A spokesperson declined to detail how Amazon was apportioning the rest of the layoffs.
The e-commerce giant has been laying off mostly corporate workers after a hiring spree during the COVID-19 pandemic left it with too many people.
The company recently wrapped up a round of job cuts that totaled about 18,000 workers. Those layoffs began in November last year and landed heaviest on Amazon’s recruiting and human resources teams, its sprawling retail group and devices teams.
The cuts announced on Monday come less than a week after Facebook owner Meta Platforms Inc said it was laying off another 10,000 employees and closing about 5,000 additional open roles in its own second major round of job cuts.
Meta CEO Mark Zuckerberg told employees during a recent internal meeting that the economic climate of layoffs and restructuring could last “many years.”
Other tech giants have reduced their headcount, including Google parent company Alphabet Inc, Microsoft Corp, Dell Technologies Inc and IBM.
As of early last month, more than 67,000 jobs had been eliminated across the industry since the beginning of the year, data compiled by Bloomberg showed.
It is a continuation of a trend from last year, when the tech sector announced 97,171 job cuts, up 649 percent compared with the previous year, according to consulting firm Challenger, Gray & Christmas Inc.
Amazon employed 1.54 million people worldwide at the end of December last year.

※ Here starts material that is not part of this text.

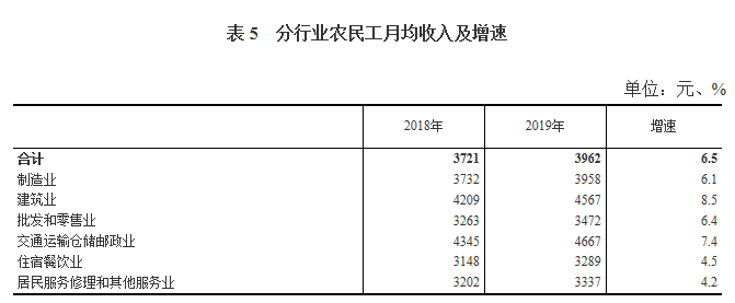 农民工月均收入3962元,比上年增加241元,增长6.5%,农民工集中就业的六大行业月均收入均稳定增长。其中,从事制造业农民工月均收入3958元,比上年增加226元,增长6.1%;从事建筑业农民工月均收入4567元,比上年增加358元,增长8.5%;从事批发和零售业农民工月均收入3472元,比上年增加209元,增长6.4%;从事交通运输仓储邮政业农民工月均收入4667元,比上年增加322元,增长7.4%;从事住宿餐饮业农民工月均收入3289元,比上年增加141元,增长4.5%;从事居民服务修理和其他服务业农民工月均收入3337元,比上年增加135元,增长4.2%。
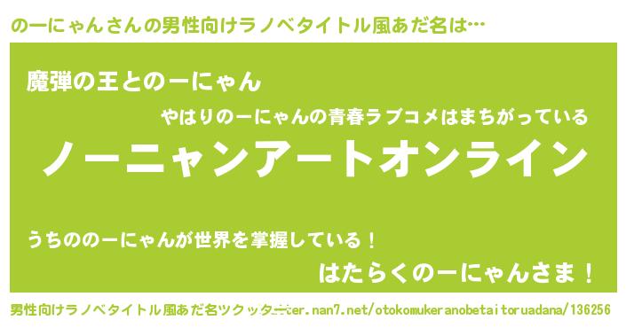 | ヒーロー風カッコイイあだ名 | 『スーパーノーニャン』『仮面ノーダー』 |

The vast majority of those were hourly employees who pack and ship products in warehouses. Before the first round of layoffs began in November last year, the company said it had roughly 350,000 corporate employees.
The company has periodically worked to rekindle growth in its retail division, but the current slowdown is also hitting Amazon Web Services, the source of most of Amazon’s profit in the past few years.
Amazon chief financial officer Brian Olsavsky said he expected slower growth rates for Amazon’s cloud unit “the next few quarters.”
Expansion in Amazon’s lucrative advertising business has also slowed.
Jassy said the latest cuts came after teams completed another phase of the company’s annual planning process.
For the past several years most of Amazon’s businesses added significantly to their ranks, he said.
“The overriding tenet of our annual planning this year was to be leaner while doing so in a way that enables us to still invest robustly in the key long-term customer experiences that we believe can meaningfully improve customers’ lives and Amazon as a whole,” he said.
Amazon’s goal is for teams that are on the hook for cuts to determine which positions to eliminate by mid to late April, Jassy said.